A man in a field uses a tablet. Trees and a field are behind him. The sky is overcast.
Extension agents, including Matthew Fischer, pictured here, now use Survey123 to record crop damage after natural hazards.

Another important project that the Center for Geospatial Technologies spearheaded after Helene was an analysis to help helicopter pilots figure out where to land to drop off aid. The ground was unstable, and some critical supplies had already been lost. Working in concert with a Clemson soils and avalanche expert, Carbajales-Dale’s team and Greg Dobson of the University of North Carolina, Asheville—who was working in the center while his hard-hit university was closed—put together models to determine the best places to land.

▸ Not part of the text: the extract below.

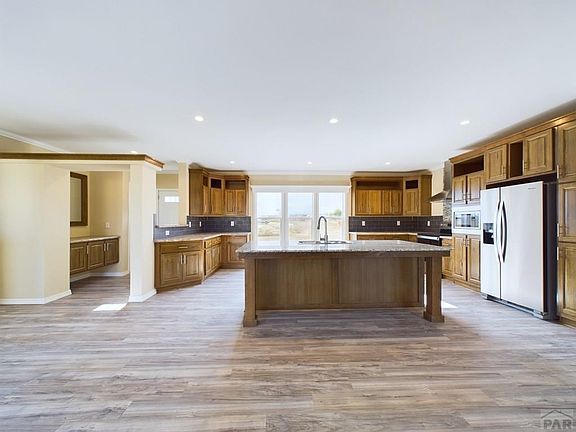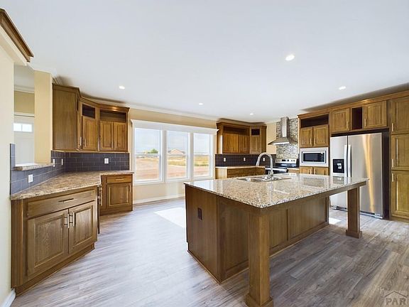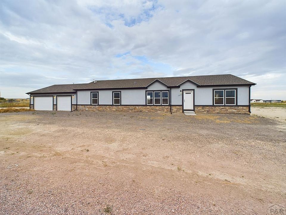 Discover this one-of-a-kind property offering Spectacular Views of Pikes Peak and the Sangre de Cristo Mountains Built on 1.13 acres zoned for horses, this 3-bedroom, 2-bathroom residence boasts an expansive 2062 sqft. of living space with high-end finishes throughout. Exterior Features: Stone and Stucco Facade: Exudes timeless elegance and durability. Oversized 3-Car Garage: Ample space for your vehicles and outdoor gear, complete with two installed garage door openers. Back Patio: Accessed by 2 walk-out slider & rear access from garage, perfect for BBQs and enjoying the mountain views. Interior Highlights: Grand Entry: Features built-in cabinetry and a designer mirror, setting the tone for this luxurious home. Open-Concept Layout: An entertainer's dream, complete with a built-in entertainment center and a gas fireplace framed by stone. Ideal for mounting your flat-screen TV above the mantel. Chef's Kitchen: Furnished with gourmet Whirlpool stainless steel appliances, a granite island that can comfortably seat 4, and custom soft-close cabinets. Master Suite: A true sanctuary featuring a 5-piece master bath with double sink vanity, walk-in shower, and deep soaking tub that offers mountain views. Smart Home Features: Equipped with a Honeywell smart home wifi thermostat and central AC, offering comfort and convenience at your fingertips. Amenities and Location: High-Speed Internet: Highline lightning-fast Gigabit fiber Internet service for all your connectivity needs. Convenien

One missing piece of the project was satellite imagery, so Carbajales-Dale and Dobson asked everyone they knew to send any new imagery they could find of Asheville and the surrounding areas. Lecher, people affiliated with the Esri DRP, and even a friend from Carbajales-Dale’s master’s degree program who now works for the US Army Corps of Engineers delivered.

“It was a group effort,” Carbajales-Dale said. “Esri and Mark were reaching out, saying, ‘Patricia, there’s imagery from here.’ The Army Corps was telling me, ‘There’s this imagery.’ Everyone was pitching in. It was so beautiful to see how everybody was working together.”

Throughout her career, not only has Carbajales-Dale seen the power of GIS to bring people and information together, but also she has been a key driver of those faculties—as evidenced by her incredible, quick work in the aftermath of Hurricane Helene.

“GIS is so powerful, especially during an emergency,” she said. “It’s how we can truly make a difference.”